For 7–8B parameter models (minimum viable quality): 8GB RAM (Mac) or a GPU with 8GB VRAM. Most modern mid-range laptops and the base Mac Mini qualify.

For 13–14B parameter models (good quality): 16GB RAM (Mac with unified memory) or a GPU with 12GB+ VRAM (RTX 3060 Ti or better).

For 30–70B parameter models (frontier-adjacent quality): 32–64GB RAM (Mac Studio or MacBook Pro with high-memory config) or multiple GPUs with combined VRAM, or consumer AI workstations like the NVIDIA DGX Spark.

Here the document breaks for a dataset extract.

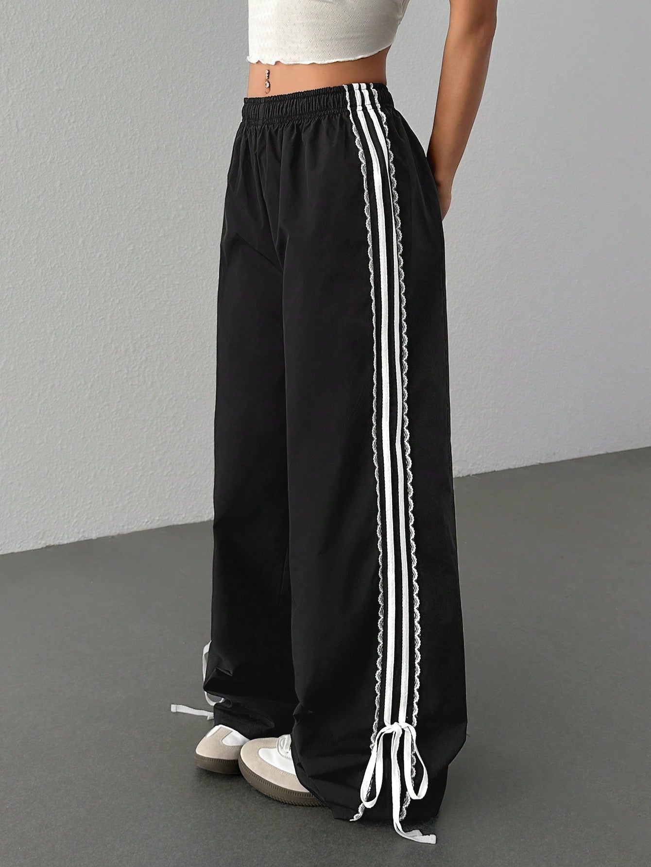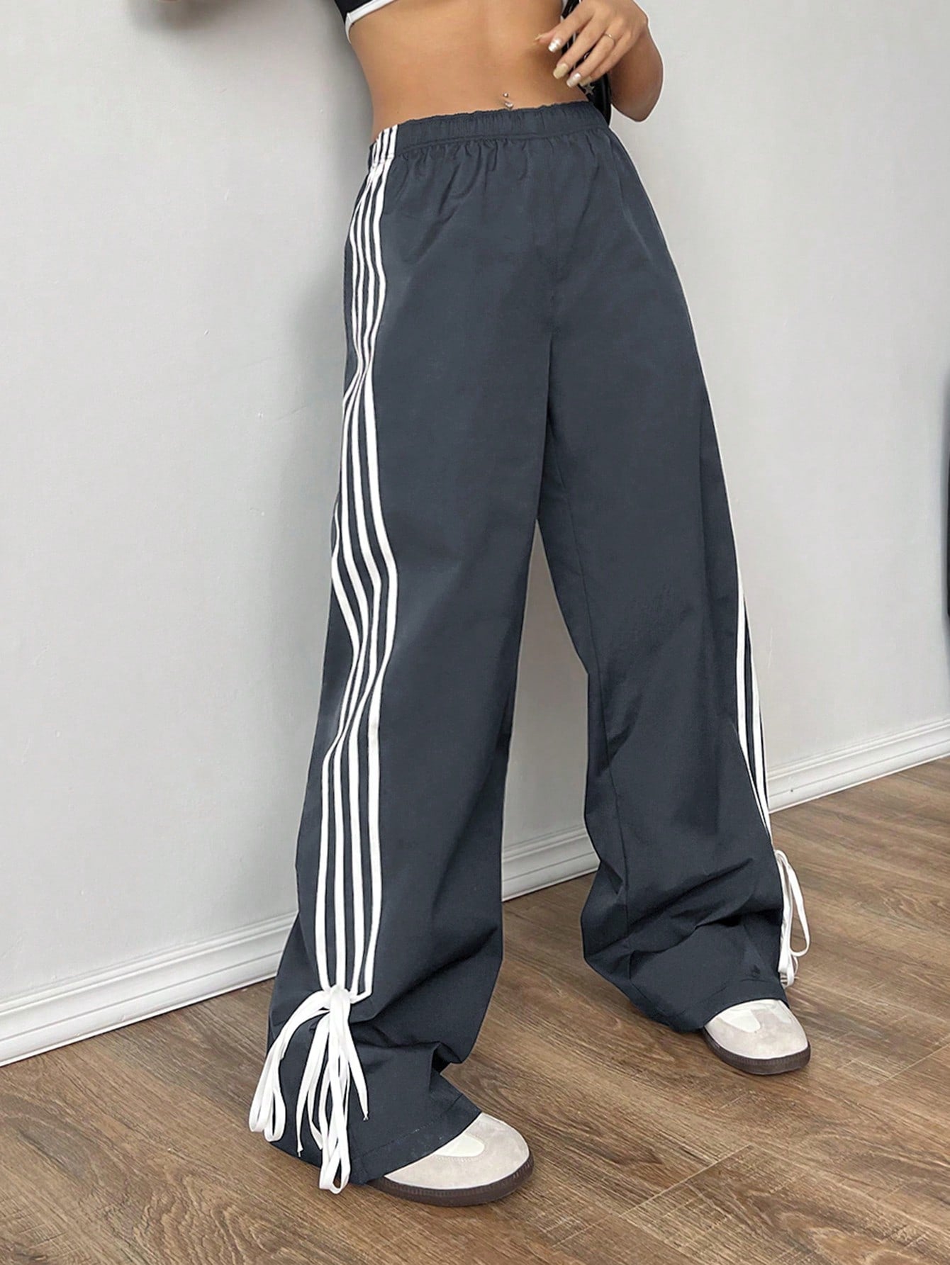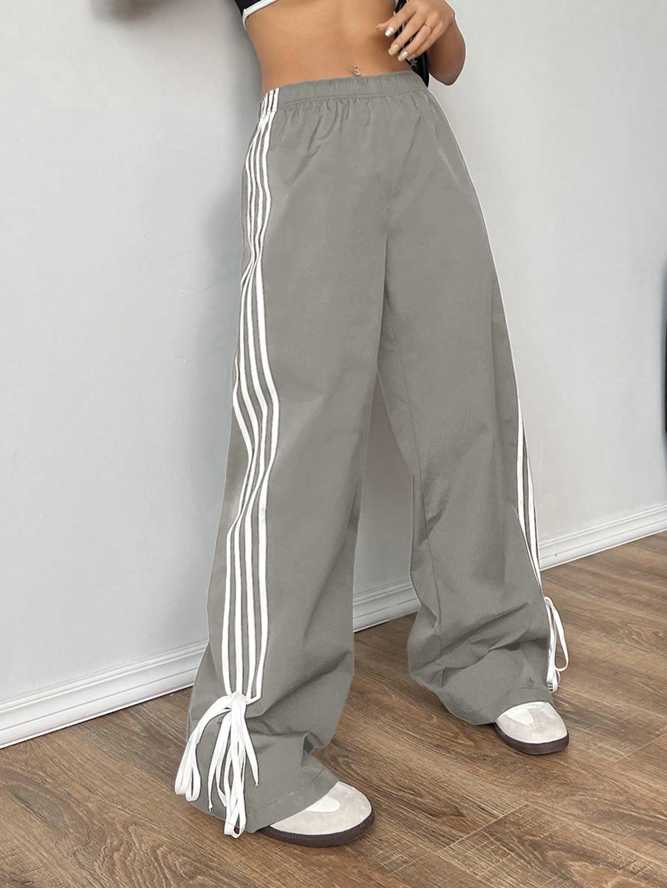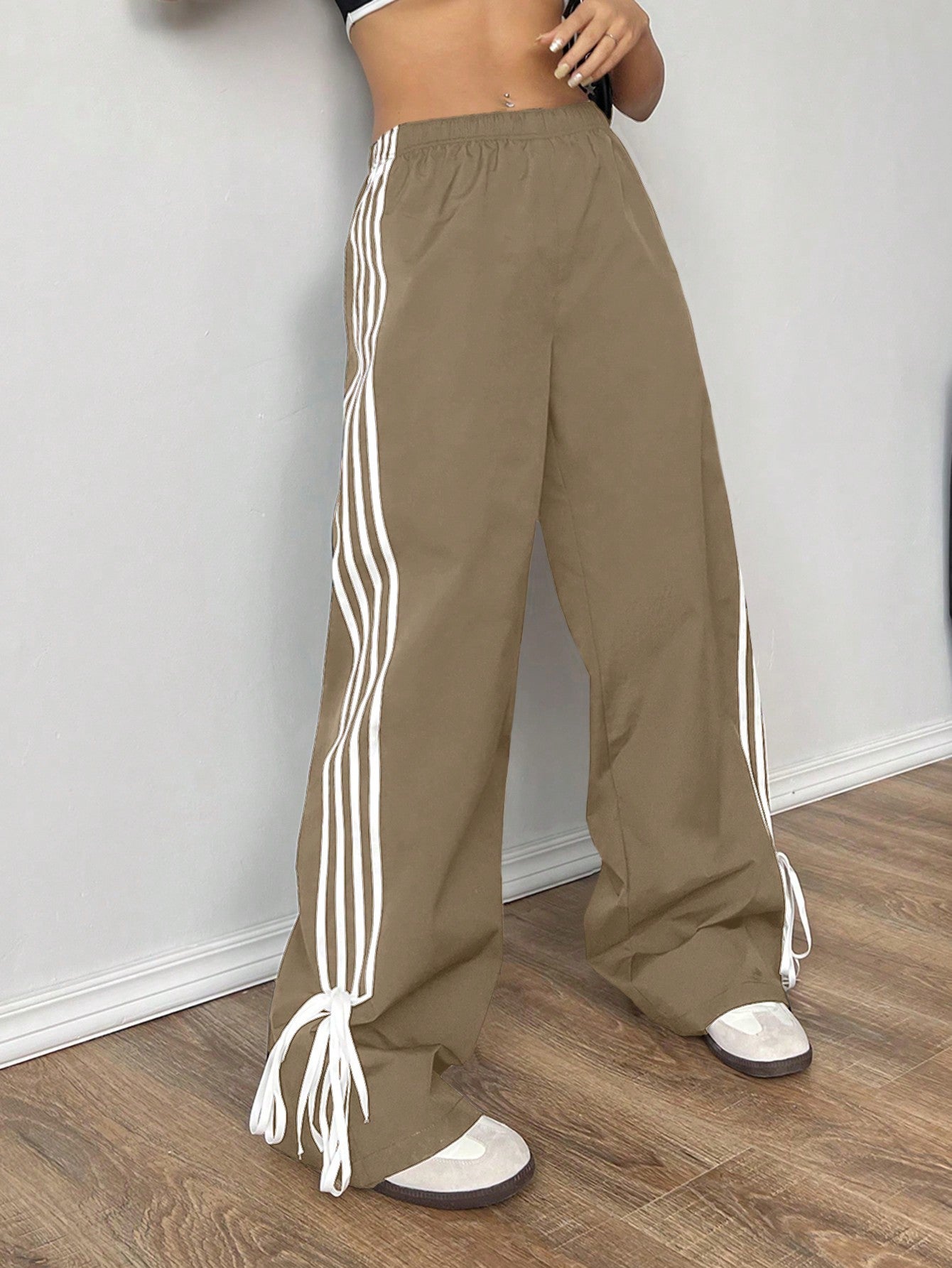 EZwear Women Casual Leopard Print Side Bow Tie Pants

NVIDIA GPU notes: CUDA acceleration in Ollama is exceptional. An RTX 4090 (24GB VRAM) runs 70B models at 40–60 tokens/second — faster than most use cases require. If you already own NVIDIA GPU hardware, it's a strong platform for local OpenClaw getting it running.

Power Consumption & Running Costs

HardwareIdle WattageAnnual Electricity Cost*
Raspberry Pi 53–5W$3–5/year
Mac Mini M45–10W$5–10/year
NUC / Mini PC (Intel)10–20W$10–20/year
Desktop PC (with GPU)80–200W$80–200/year
VPS (Hetzner CX21)N/A (hosted)$60/year

*At $0.12/kWh average US electricity rate

For most users, the annual electricity cost of dedicated OpenClaw hardware is negligible — under $15/year for a Mac Mini. The hardware investment pays for itself quickly against the time saved, and the API costs saved by using efficient models or local inference dwarf the electricity expense.

Wrapping Up

Hardware choice for OpenClaw is pleasantly flexible. If you're starting out and want to test before committing, run it on your laptop or a cheap VPS. For a permanent, reliable deployment with cloud models, a Mac Mini M4 is the community's clear recommendation. For maximum privacy and zero ongoing API costs, the same Mac Mini running Ollama with a 14B or larger model delivers frontier-adjacent quality entirely on your own hardware. The right hardware is the one that matches your use case, budget, and privacy requirements — and OpenClaw runs well on all of them.